The United States Department of the Treasury estimates that the Private Bank of Andorra facilitated the movement of approximately four million two hundred thousand dollars ($4,200,000.00) related to money laundering from Venezuela, the report states.
To launder the money from corruption and the collection of vaccines from PDVSA contractors, the Salazar Group opened 40 “instrumental entities” in Panama, Belize and the British Virgin Islands.
”These instrumental entities were used to manage and launder funds from corruption and fraudand hide the identity of their beneficiaries by trying to give the appearance of being commercial companies or technical and commercial advisory companies,” the report details.
For these reasons, the Public Ministry represented by prosecutor 28, Jhoanna Vanessa Borrego Ramírez, requested on September 7 a new deprivation of liberty against Rafael Ramírez for extradition purposes, for the crimes of malicious embezzlement, influence peddling, legitimization of capital and association.
That same day, the Sixth Court of Control of Caracas agreed to what was requested by the Public Ministry and forwarded the file to the Criminal Chamber.
The magistrates analyzed the approach, verified that all the requirements were met and declared the extradition request admissible.
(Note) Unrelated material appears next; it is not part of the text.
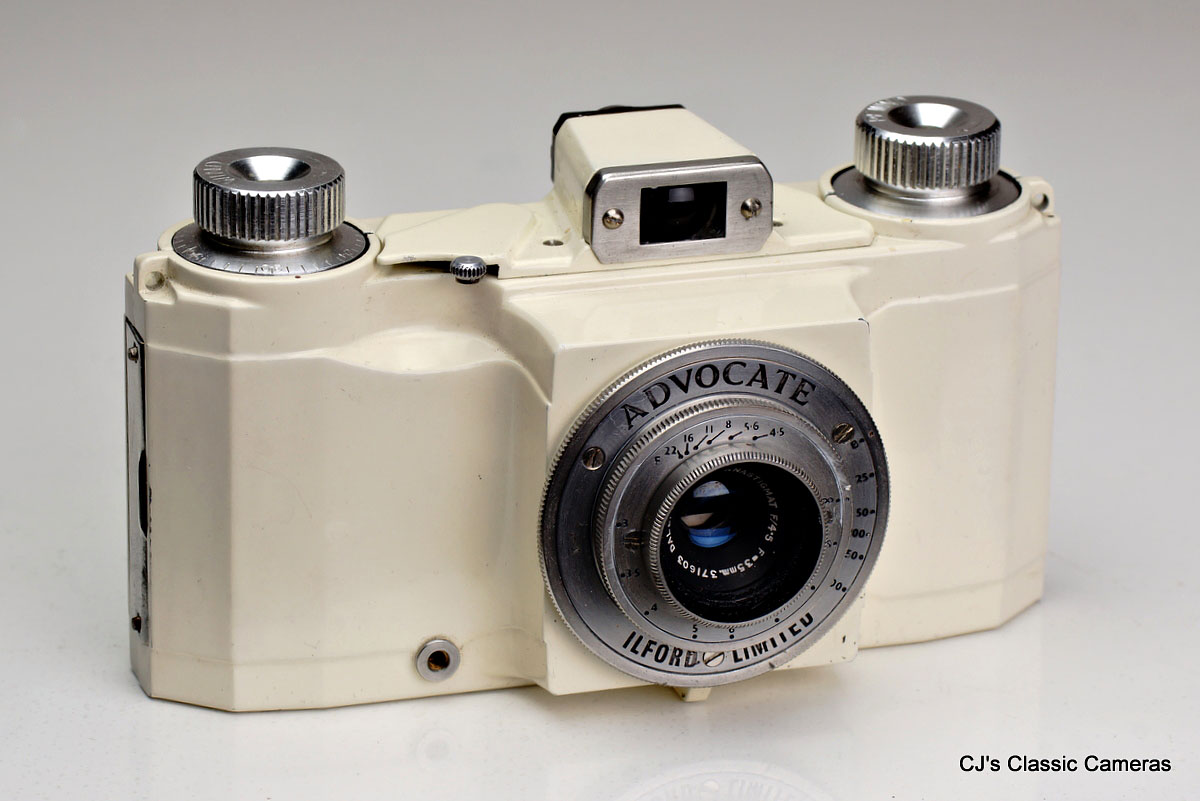 In any case, the Advocate was quite an usual camera in two aspects. First of all, it was painted in an ivory enamel colour, which was quite a change from the dominantly black and chrome of other cameras from that era. Second, it had a coated four-element 35mm lens, instead of the more common 45 or 50mm lenses on other cameras. I think this is quite an underappreciated feature of the Advocate, as wide-angle lenses were quite rare at the time, certainly amongst amateur photographers. It wasn't until about 10 years later that other, mostly Japanese, manufacturers starter offering 'wide' versions of several cameras. But even though it is mentioned in ads from the time, Ilford didn't make much noise about this feature. This despite the fact that the lenses (made by Dallmeyer, although on some of the later production a Wray Lustrar can be found) must have been expensive to produce, especially since they were dedicated to one camera and produced in small numbers, and this would have driven up the price of the camera.
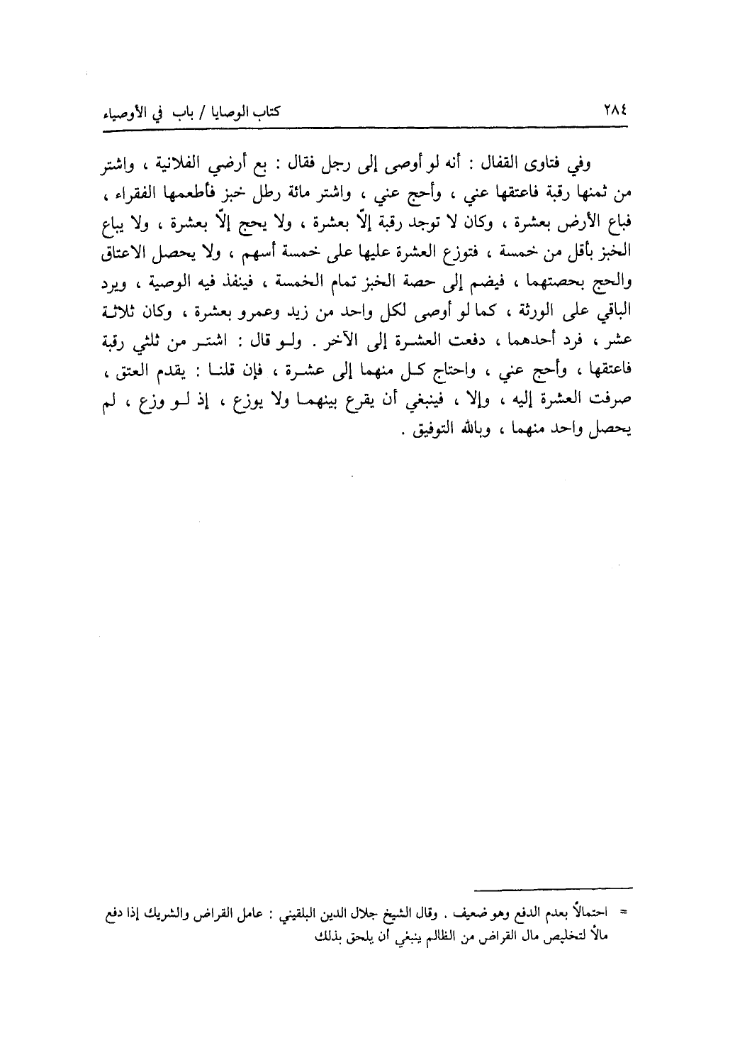 وفي فتاوى القفال: أنه لو أوصى إلى رجل فقال: بع أرضي الفلانية، واشتر من ثمنها رقبة فاعتقها عني، وأحج عني، واشتر مائة رطل خبز فأطعمها الفقراء، فباع الارض بعشرة، وكان لا توجد رقبة إلا بعشرة، ولا يحج إلا بعشرة، ولا يباع الخبز بأقل من خمسة، فتوزع العشر عليها خمسة أسهم، ولا يحصل الاعتاق والحج بحصتهما، فيضم إلى حصة الخبز تمام الخمسة، فينفذ فيه الوصية، ويرد الباقي على الورثة، كما لو أوصى لكل واحد من زيد وعمرو بعشرة، وكان ثلاثة عشر، فرد أحدهما، دفعت العشرة إلى الآخر. ولو قال: اشتر من ثلثي رقبة فاعتقها، وأحج عني، واحتاج كل منهما إلى عشرة، فإن قلنا: يقدم العتق، صرفت العشرة إليه، وإلا، فينبغي أن يقرع بينهما ولا يوزع، إذ لو وزع، لم يحصل واحد منهما، وبالله التوفيق.

The sentence establishes that “the Government of the Bolivarian Republic of Venezuela, through the Supreme Court of Justice, in the Criminal Cassation Chamber, assumes the firm commitment before the Italian Republic, that the aforementioned citizen will be prosecuted with due guarantees” .
Other extraditions
* The first extradition request to bring Rafael Ramírez to Venezuela was approved on August 17, 2018, according to sentence 258 of the Criminal Chamber. On that occasion, the request was addressed to the Kingdom of Spain, where it was certain that the former president of PDVSA was based there. The request was based on alleged irregularities detected in a contract between PDVSA and Petro-Saudi (September 2010) for the rental of a vessel for gas extraction in the Mariscal Sucre project. The contract was signed with a surcharge that reached 274%, according to the Prosecutor’s Office.
* On November 6, 2019, the new extradition procedure began, by virtue of the fact that Rafael Ramírez migrated from Spain to Italy. But that process was based on the same facts as the first extradition request, that is, the contract with an alleged premium between PDVSA and Petrosaudí.
* That second extradition process was sent to the TSJ on November 25, 2019 by the Control Court 10 of Caracas, but it was admitted to the Criminal Chamber four months later, specifically on March 12, 2020, according to what the authorities say. accounts. Subsequently, the Criminal Chamber took four months to decide, by approving sentence number 55, on July 29, 2020, which declared that extradition admissible.